> [AIM OF THE TASK] Drop the pictures and repeat the remaining data exactly.

Collected data entries:
————————

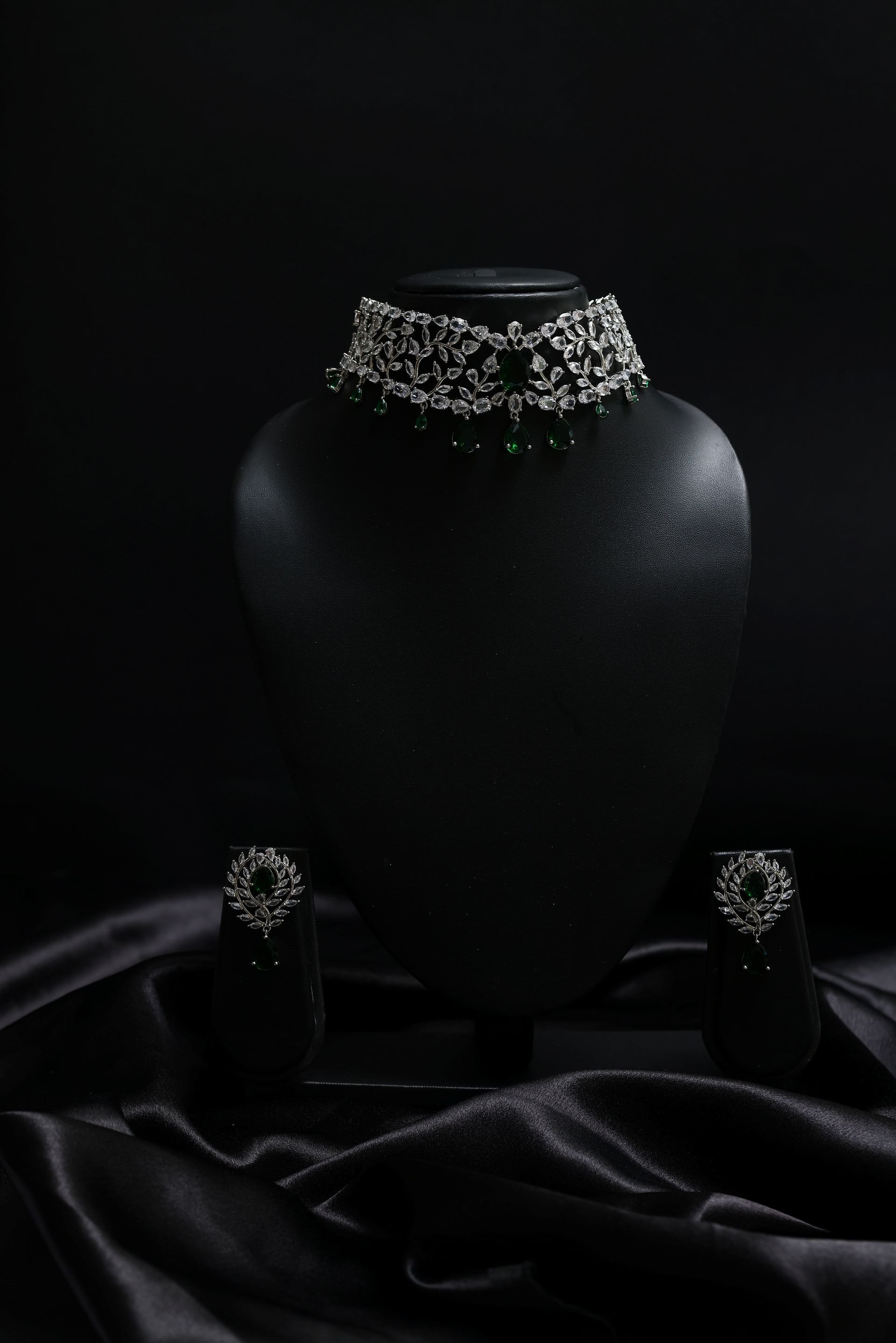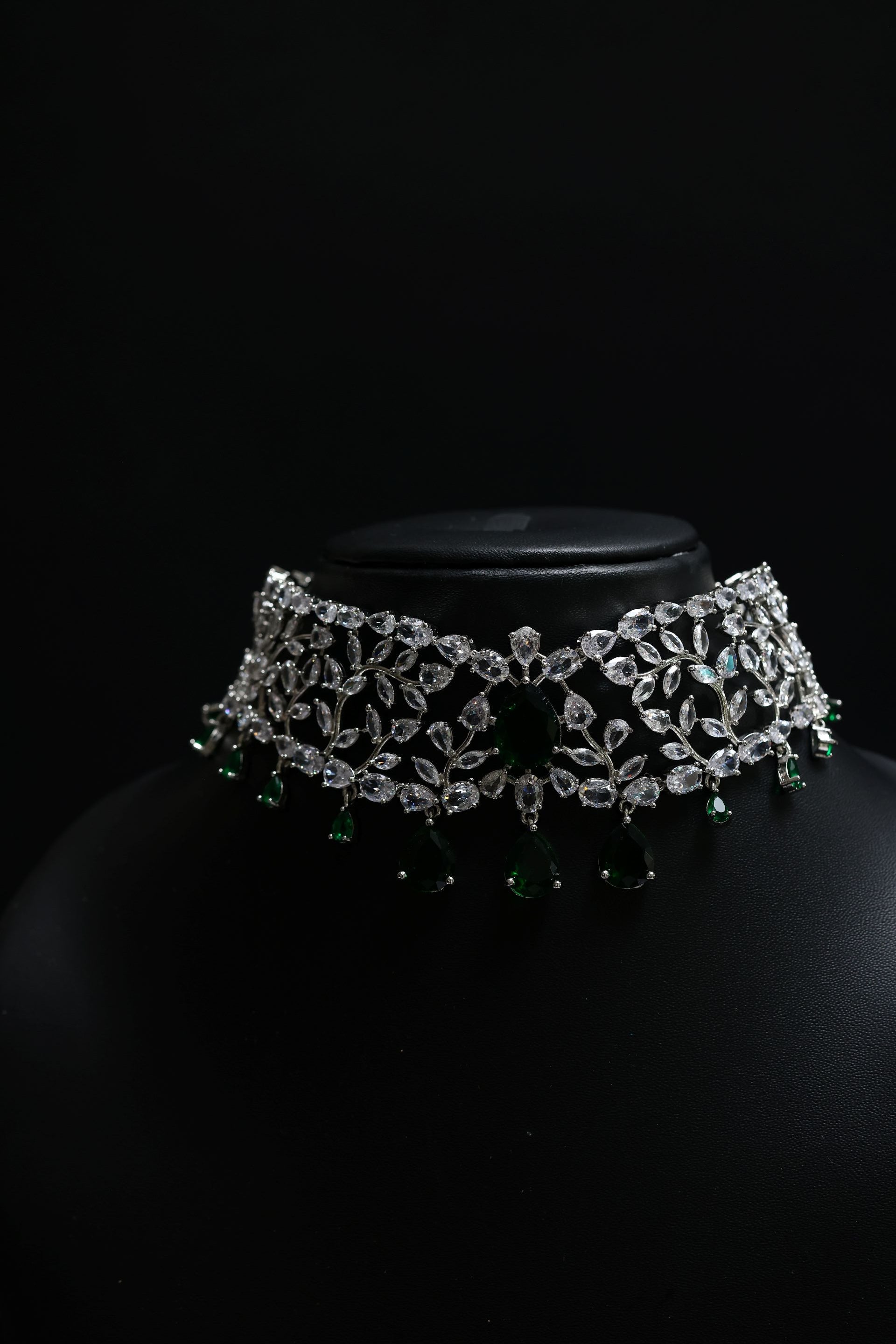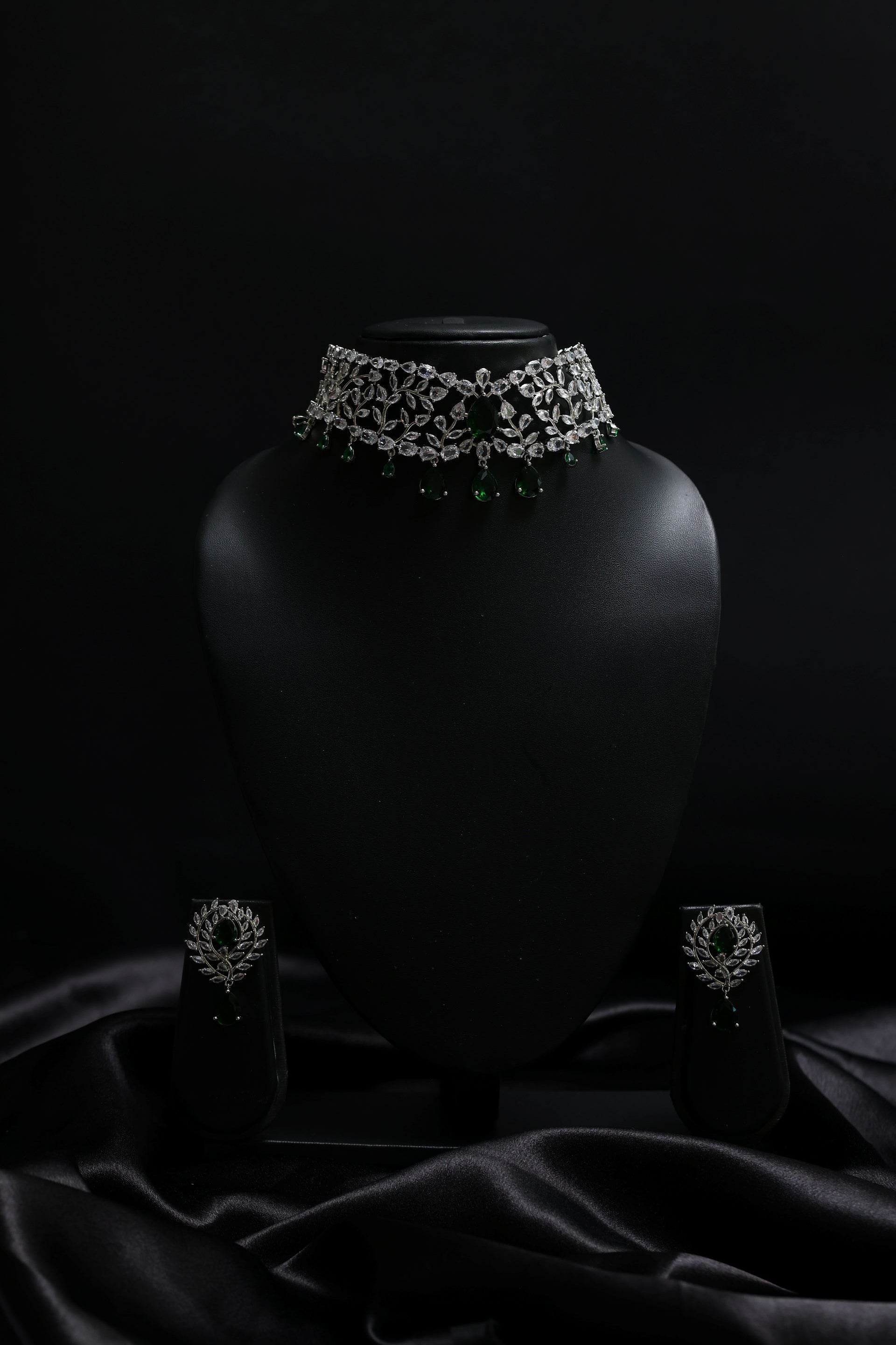 The design features an intricate lattice of marquise and round AAA+ Cubic Zirconia shaped into elegant floral clusters. From the base of the choker, delicate emerald-green crystal droplets hang gracefully, adding fluidity, depth, and a rich jewel-toned glow. The statement earrings mirror this unique combination of floral sparkle and emerald dewdrops, completing the look with stunning symmetry.
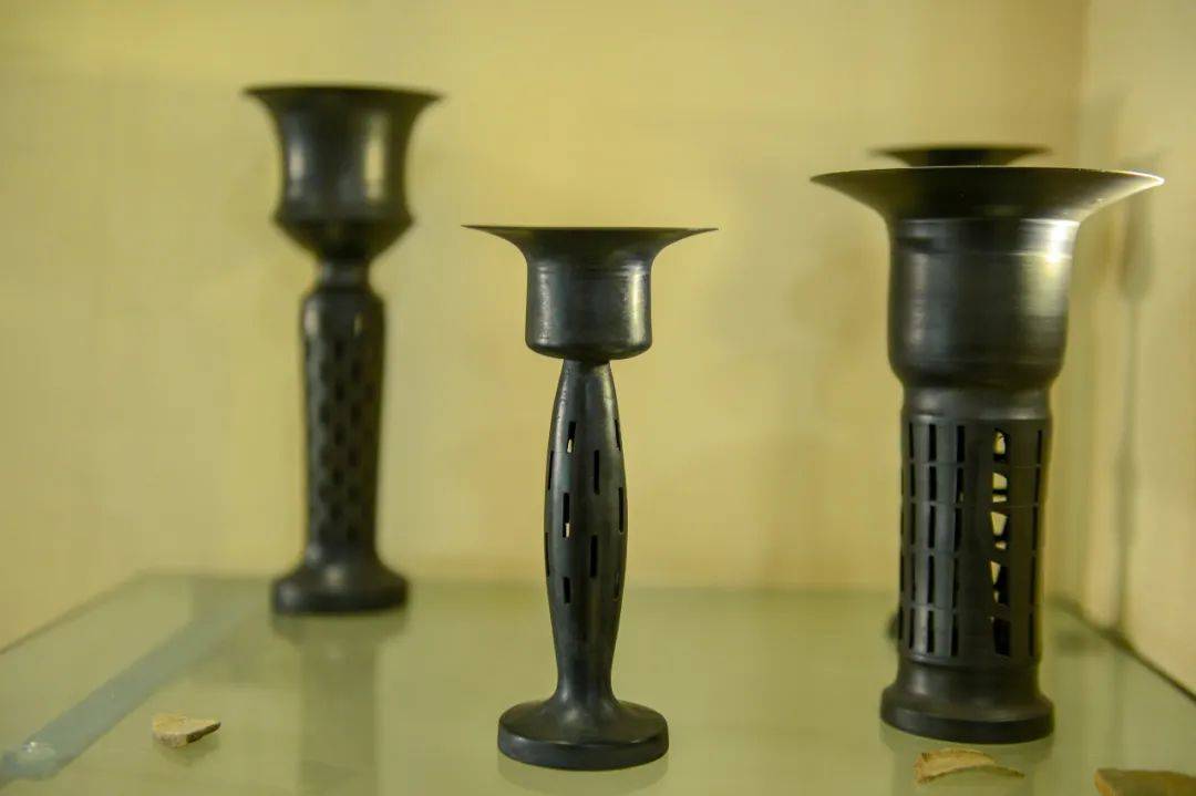 龙山黑陶具有"黑如漆、亮如镜、硬如瓷、声如磬、薄如纸"等特点,尤其黑陶中的蛋壳陶,堪称东方艺术珍品。
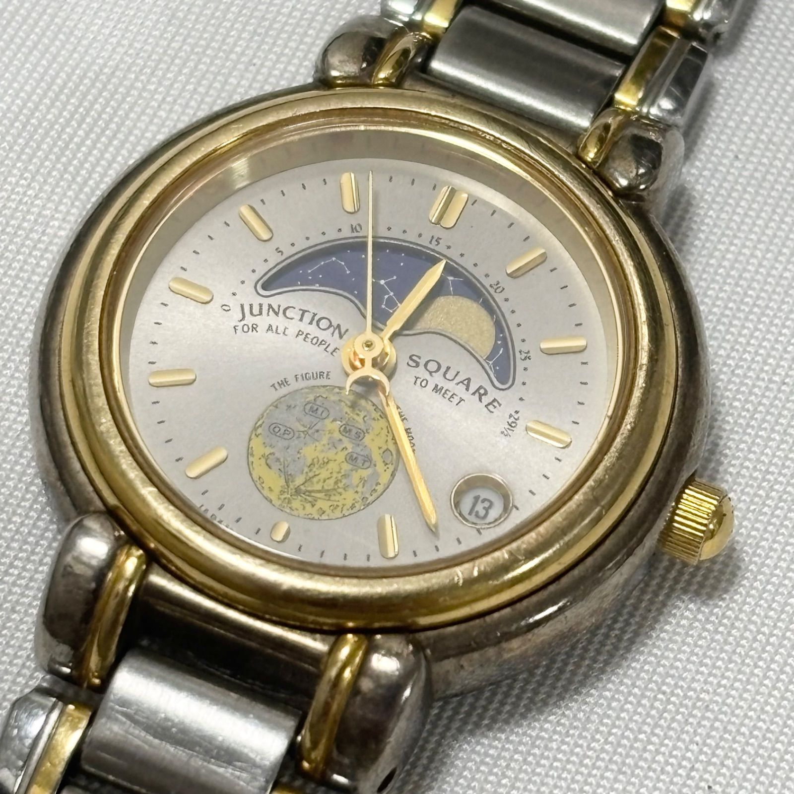 送料無料 CITIZEN|シチズン|JUNCTION SQUARE|ムーンフェイズ|月|クォーツ腕時計|シルバー×ゴールド|電池切れ|動作未 | 品|ジャンク品扱い WWW_NICORILABO_COM
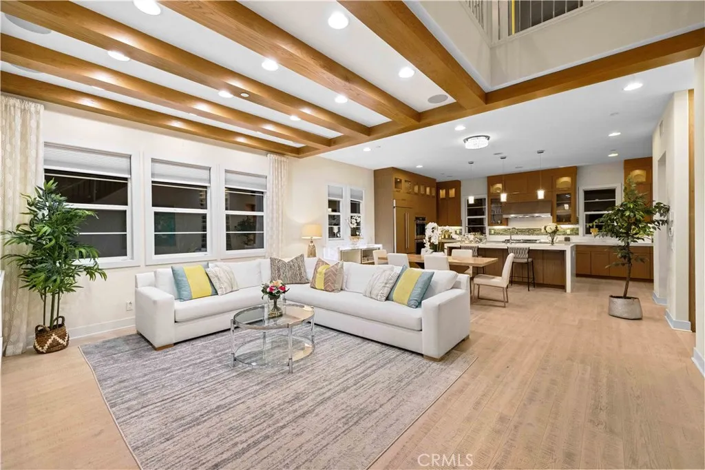 The luxurious three-story furnished MODEL HOME nestled in the gated community of Parkside. This beautiful corner-lot home boasts 4 bedrooms, 4.5 bathrooms and 2 car garages. As you enter the formal foyer, you will be greeted by the spectacular OPEN FLOOR PLAN with soaring 20 ft ceilings, rich wood flooring, and dramatic beams adorning the formal dining and living area. The California Room and backyard offer a fireplace, built-in barbecue, water feature, TV-mount, and plenty of additional space for outdoor dining and lounging. The second floor, Large master suite with a large walk-in closet, separate bathtub & shower, dual-sink vanity is gorgeously upgraded. The third floor has a spacious multifunctional bonus room, powder room, and desirable covered balcony - perfect for entertaining family and friends year-round! The resort-style clubhouse features a pool and two spas, cabanas, BBQ, and dog park, and A huge sports park right next to the community. Take huge advantage of Easy Access to 5 and 241 Freeway, Foothill Ranch Town Centre, and Award-winning schools, NO MELLO-ROOS, and low HOA Dues! Welcome to make your new home anytime.
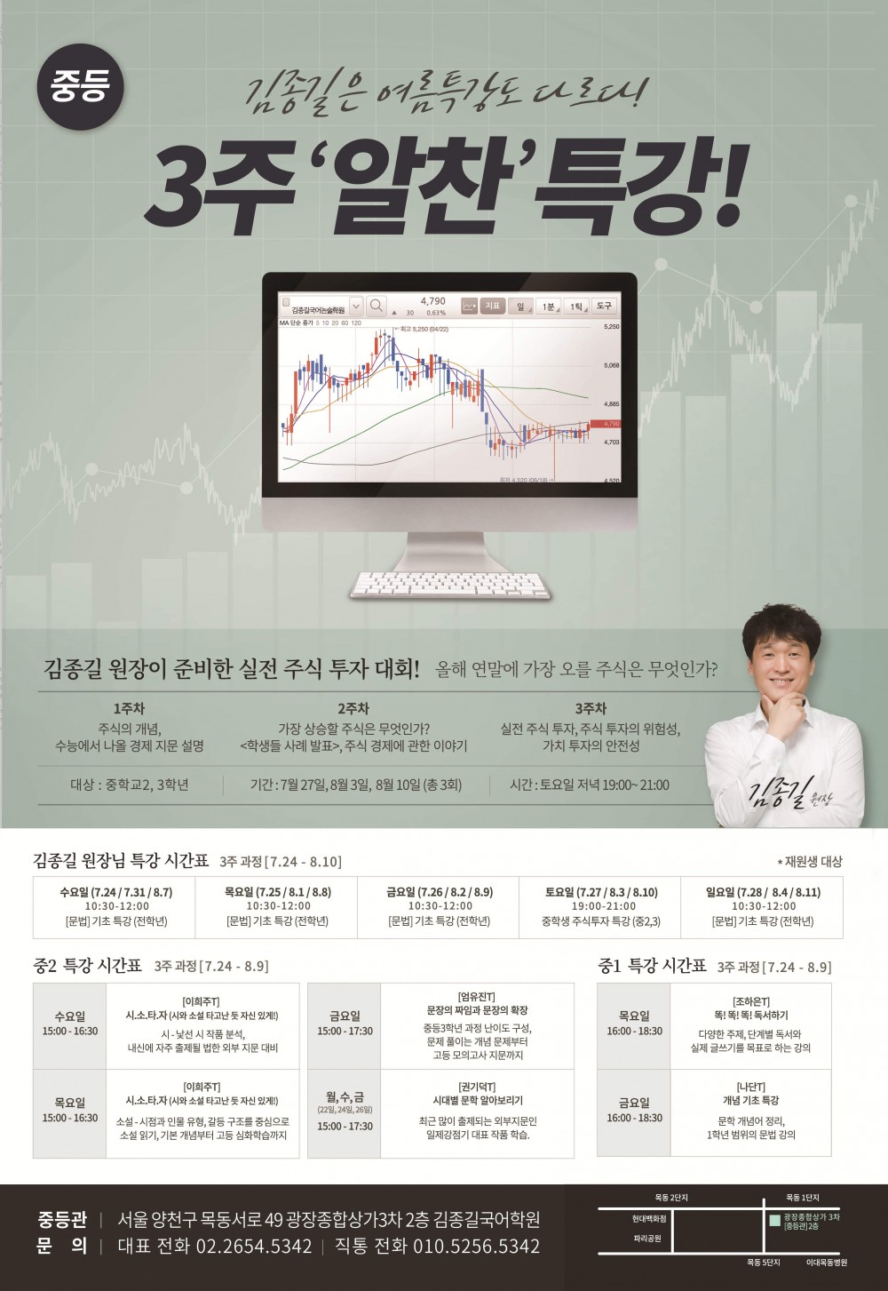 [중등] 김종길 원장 여름 3주 특강 페이지 정보 작성자 김종길국어중등부 댓글 0건 조회 4,723회 작성일 19-07-04 01:38 본문 학원정보 김종길국어 중등부 02-2654-5342 전화문의 위치 목동서로 49 광장3차 2층 3층 대상 초등 중등 고등 과목 국어 수업목적 영재/특목/자율고 내신/심화/선행 수능 지도보기 관심학원 담기 목록 이전글[고2] 미리 보는 2021 입시 설명회 19.07.04 다음글[택학원] 고등수학반 개강 안내입니다. 19.07.03 댓글목록 댓글목록 등록된 댓글이 없습니다.
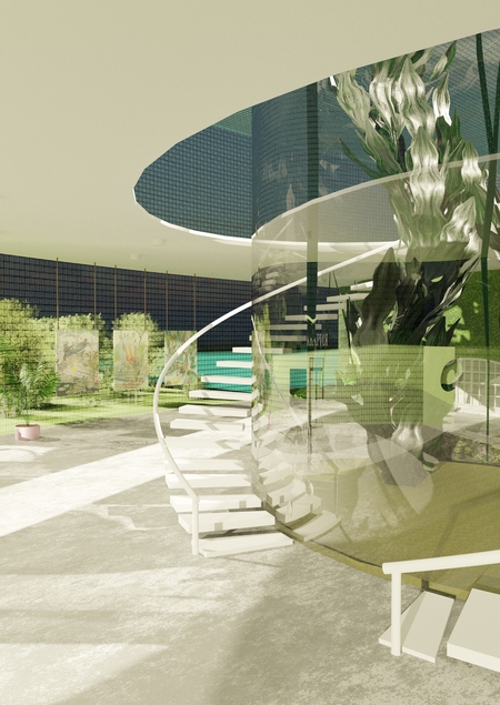 Здание театра отсылает нас к болоту, месту, где обитают лягушки. В интерьере присутствует обильное количество растений, стены из мха, каменные лавочки и многое другое.
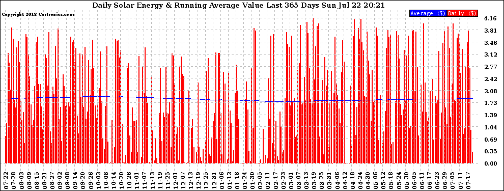 20180722 Daily Solar Energy Production Value Running Average Last 365 Days
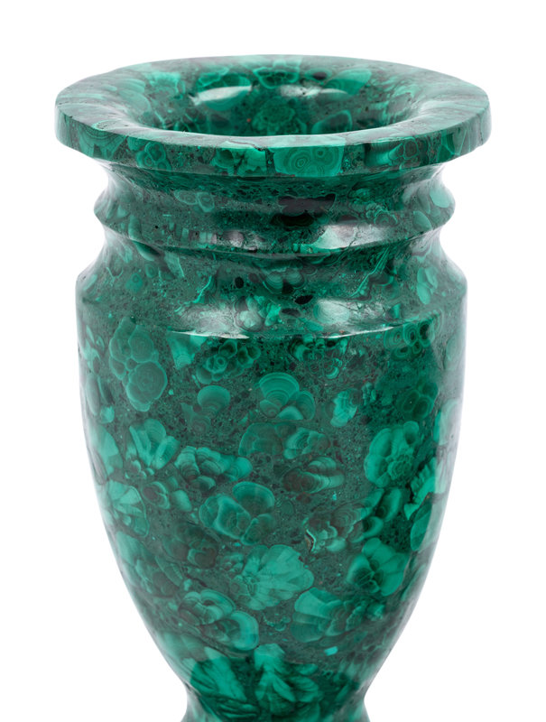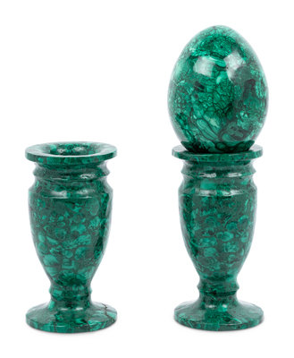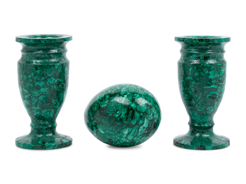 A Pair of Malachite Veneered Vases and a Malachite Egg
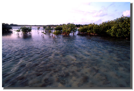 | There was actually very little dry land in the entire 110 miles of keys. No matter the size of the mangrove key from the outside, when you poled in you found flooded flats, often a large opening in the middle. I assume the frequent hurricanes keep them washed out. In some cases, the bonefish had never seen a boat before and clustered around in curiosity. | |||||||||||||||
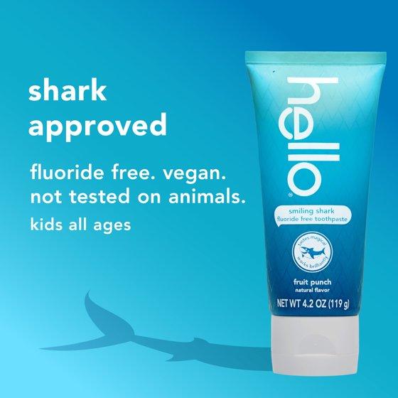 - FINS UP: Savor the jawsome fruit punch flavor and make a big splash when it’s time to brush with hello Smiling Shark Fluoride Free Kids Toothpaste

————————

> [RESULT OF THIS EXERCISE]
 The design features an intricate lattice of marquise and round AAA+ Cubic Zirconia shaped into elegant floral clusters. From the base of the choker, delicate emerald-green crystal droplets hang gracefully, adding fluidity, depth, and a rich jewel-toned glow. The statement earrings mirror this unique combination of floral sparkle and emerald dewdrops, completing the look with stunning symmetry.
 龙山黑陶具有"黑如漆、亮如镜、硬如瓷、声如磬、薄如纸"等特点,尤其黑陶中的蛋壳陶,堪称东方艺术珍品。
 送料無料 CITIZEN|シチズン|JUNCTION SQUARE|ムーンフェイズ|月|クォーツ腕時計|シルバー×ゴールド|電池切れ|動作未 | 品|ジャンク品扱い WWW_NICORILABO_COM
 The luxurious three-story furnished MODEL HOME nestled in the gated community of Parkside. This beautiful corner-lot home boasts 4 bedrooms, 4.5 bathrooms and 2 car garages. As you enter the formal foyer, you will be greeted by the spectacular OPEN FLOOR PLAN with soaring 20 ft ceilings, rich wood flooring, and dramatic beams adorning the formal dining and living area. The California Room and backyard offer a fireplace, built-in barbecue, water feature, TV-mount, and plenty of additional space for outdoor dining and lounging. The second floor, Large master suite with a large walk-in closet, separate bathtub & shower, dual-sink vanity is gorgeously upgraded. The third floor has a spacious multifunctional bonus room, powder room, and desirable covered balcony - perfect for entertaining family and friends year-round! The resort-style clubhouse features a pool and two spas, cabanas, BBQ, and dog park, and A huge sports park right next to the community. Take huge advantage of Easy Access to 5 and 241 Freeway, Foothill Ranch Town Centre, and Award-winning schools, NO MELLO-ROOS, and low HOA Dues! Welcome to make your new home anytime.
 [중등] 김종길 원장 여름 3주 특강 페이지 정보 작성자 김종길국어중등부 댓글 0건 조회 4,723회 작성일 19-07-04 01:38 본문 학원정보 김종길국어 중등부 02-2654-5342 전화문의 위치 목동서로 49 광장3차 2층 3층 대상 초등 중등 고등 과목 국어 수업목적 영재/특목/자율고 내신/심화/선행 수능 지도보기 관심학원 담기 목록 이전글[고2] 미리 보는 2021 입시 설명회 19.07.04 다음글[택학원] 고등수학반 개강 안내입니다. 19.07.03 댓글목록 댓글목록 등록된 댓글이 없습니다.
 Здание театра отсылает нас к болоту, месту, где обитают лягушки. В интерьере присутствует обильное количество растений, стены из мха, каменные лавочки и многое другое.
 20180722 Daily Solar Energy Production Value Running Average Last 365 Days
 A Pair of Malachite Veneered Vases and a Malachite Egg
 | There was actually very little dry land in the entire 110 miles of keys. No matter the size of the mangrove key from the outside, when you poled in you found flooded flats, often a large opening in the middle. I assume the frequent hurricanes keep them washed out. In some cases, the bonefish had never seen a boat before and clustered around in curiosity. | |||||||||||||||
 - FINS UP: Savor the jawsome fruit punch flavor and make a big splash when it’s time to brush with hello Smiling Shark Fluoride Free Kids Toothpaste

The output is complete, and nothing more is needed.